── RECORDS FOR THIS TASK
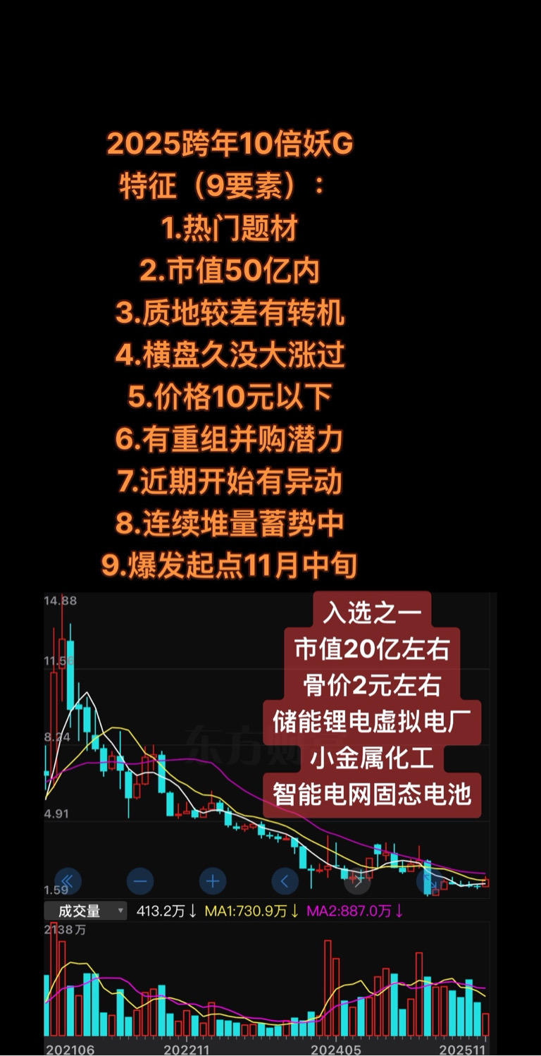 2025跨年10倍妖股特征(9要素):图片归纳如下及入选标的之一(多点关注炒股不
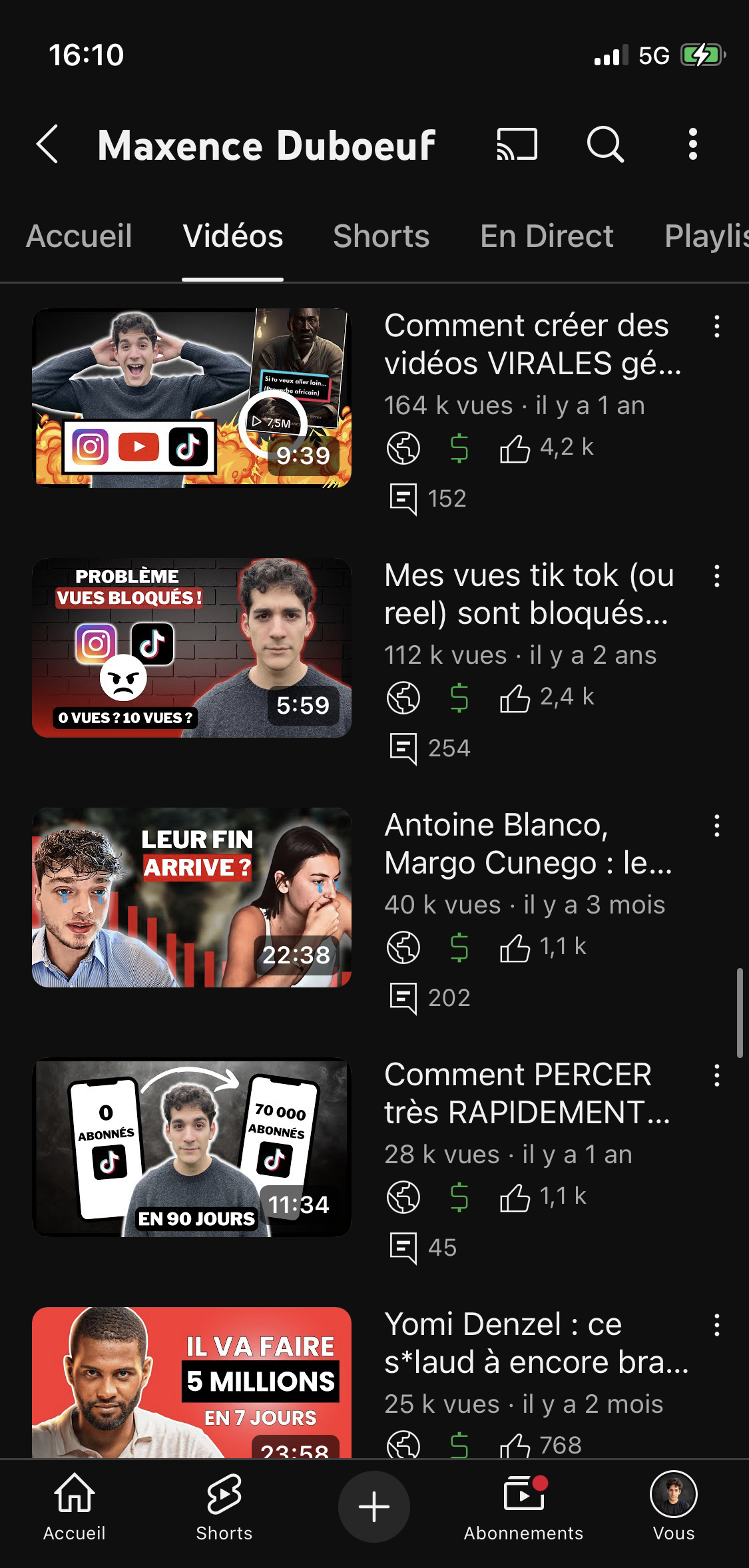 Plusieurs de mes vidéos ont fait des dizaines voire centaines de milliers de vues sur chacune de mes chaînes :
────
── RECORDS FOR THIS TASK
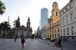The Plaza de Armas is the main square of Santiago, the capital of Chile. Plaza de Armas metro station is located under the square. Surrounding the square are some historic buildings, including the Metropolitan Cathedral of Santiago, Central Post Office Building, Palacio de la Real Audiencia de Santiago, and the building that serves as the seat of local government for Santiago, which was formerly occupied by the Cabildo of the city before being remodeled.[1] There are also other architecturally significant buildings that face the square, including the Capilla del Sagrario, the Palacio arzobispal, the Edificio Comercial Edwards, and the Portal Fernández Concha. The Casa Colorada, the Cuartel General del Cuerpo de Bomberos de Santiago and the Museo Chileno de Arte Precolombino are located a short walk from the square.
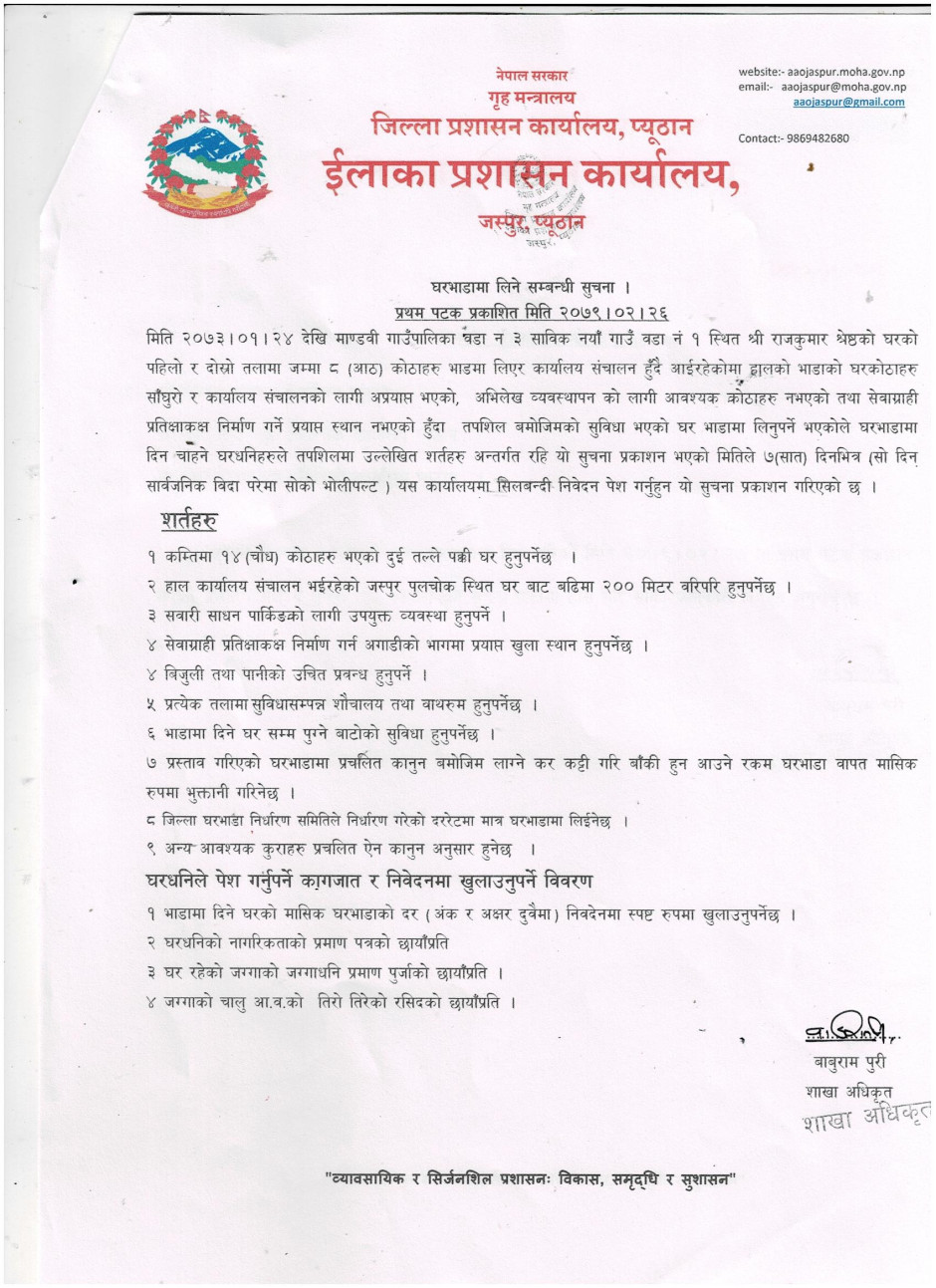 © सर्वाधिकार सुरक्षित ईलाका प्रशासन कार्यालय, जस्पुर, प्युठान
────
▶ _PROBLEM_
Give the lines above again exactly, from the one containing "2025跨年10倍妖股特征(9要素):图" to the one containing "Plusieurs de mes", both included, but leave out the pictures.

▶ _SOLUTION TO THE EXERCISE_
 2025跨年10倍妖股特征(9要素):图片归纳如下及入选标的之一(多点关注炒股不
 Plusieurs de mes vidéos ont fait des dizaines voire centaines de milliers de vues sur chacune de mes chaînes :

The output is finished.